Suppose that a data analyst wishes to report the results of a least squares linear regression only if the overall null hypothesis, $H_0^{1:p}: \beta_1= \beta_2 = \ldots = \beta_p=0$, is rejected. This practice, which we refer to as F-screening (since the overall null hypothesis is typically tested using an $F$-statistic), is in fact common practice across a number of applied fields. Unfortunately, it poses a problem: standard guarantees for the inferential outputs of linear regression, such as Type 1 error control of hypothesis tests and nominal coverage of confidence intervals, hold unconditionally, but fail to hold conditional on rejection of the overall null hypothesis.
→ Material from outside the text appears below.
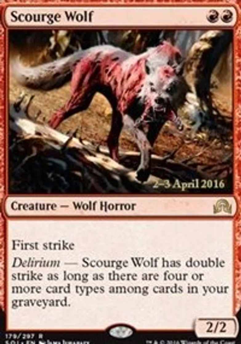 Delirium — Scourge Wolf has double strike as long as there are four or more card types among cards in your graveyard. | ||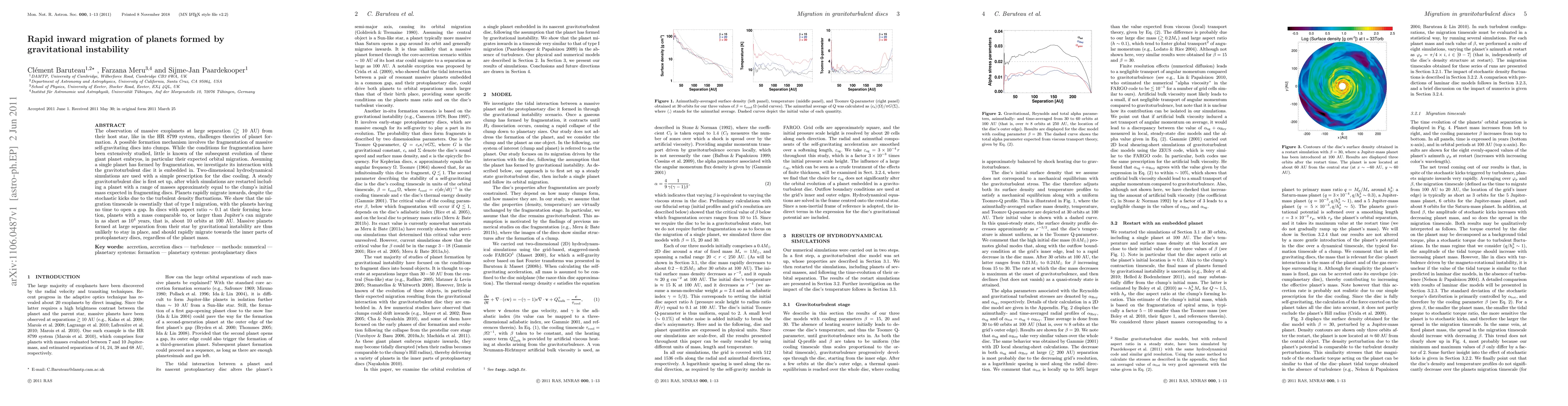 This paper investigates the rapid inward migration of giant planets formed by gravitational instability in massive self-gravitating discs. Using hydrodynamical simulations, it finds that planets formed by fragmentation migrate inwards quickly, on timescales similar to type I migration, and are unlikely to remain at their initial large separations.

In this paper, we develop an inferential toolbox for the coefficients in a least squares model that are valid conditional on rejection of the overall null hypothesis. We develop selective p-values that lead to tests that are consistent and control the selective Type 1 error, i.e., the Type 1 error conditional on having rejected the overall null hypothesis. Furthermore, they can be computed without access to the raw data, i.e., using only the standard outputs of a least squares linear regression, and therefore are suitable for use in a retrospective analysis of a published study. We also develop confidence intervals that attain nominal selective coverage, and point estimates that account for having rejected the overall null hypothesis. We derive an expression for the Fisher information about the coefficients resulting from the proposed approach, and compare this to the Fisher information that results from an alternative approach that relies on sample splitting. We investigate the proposed approach in simulation and via re-analysis of two datasets from the biomedical literature.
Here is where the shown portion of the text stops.